The length of the arms 43 is such and the hubs 21 and 21' are spaced such that, when an arm 43 provided on the reel 11 is rotated by 1/4 turn in the direction of the arrow, namely the counterclockwise direction in the drawing, the center of rotation of the folding back roll on the end thereof and the center of rotation of the reel 11' coincide. The hub 21' of the reel 11' has roll receiving means, here shown as hub segments 22 and 24, and when the folding back roll is displaced so as to coincide with the hub 21' of the reel 11', the segments are separated in the radial direction as shown in FIG. 8, for example, by a fluid hydraulic mechanism. Also, in each of the hub segments 22 and 24, opposing half round grooves 23 and 25 are formed which together form a cylindrical bore 26 that accommodates a folding back roll 45.
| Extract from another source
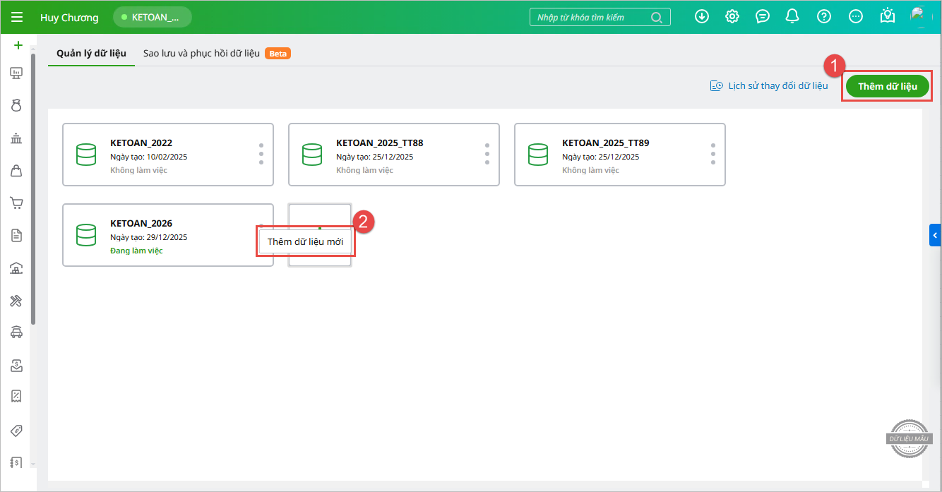 - Nhấn Thêm mới dữ liệu hoặc tích biểu tượng dấu cộng (+) chọn chức năng Thêm dữ liệu mới.

When the axis of the folding back roll and the axis of the hub 21' of the reel 11' coincide, the hub segments of the reel 11' are closed and the hub holds the folding back roll. Likewise when the arms 43' on reel 11' are rotated in the direction of arrow in FIG. 8, namely, in the clockwise direction in the drawing, around the axis of the hub 21' of reel 11', the center of rotation of the folding back roll will coincide with the axis of the hub 21 of the other reel 11. FIG. 8 shows the condition where the folding back roll 45a' is accommodated in the hub of the reel 11 and the hub of the reel 11 is closed.

FIG. 10 is the cross section showing in detail the drive means for the reel 11.

In FIG. 10, a drive shaft 15 is rotatably supported on the frame 12 by means of bearings 19, and the front part 16 of the drive shaft 15 projects into the concave recess 13 formed on one side of the frame 12. The front part 16 of the drive shaft 15 is coupled to the hub 21 consisting of the pair of hub segments 22 and 24 as described above. Radial holes 27 are formed toward the rear ends of the hub segments 22 and 24, and a drive bar 17 fixed to the drive shaft 15 and extending in the radial direction extends through the holes 27. The hub segments are thus free to slide radially on drive bar 17. On the intermediate portion of the drive shaft 15 is mounted a gear 18, and the torque of a motor 31 fixed to the frame 12 is transmitted to the gear 18 by means of gears 32, 33 and 34. Accordingly, the drive shaft 15 is rotated by the motor 31, and the rotation is transmitted to the hub 21 by means of the drive bar 17.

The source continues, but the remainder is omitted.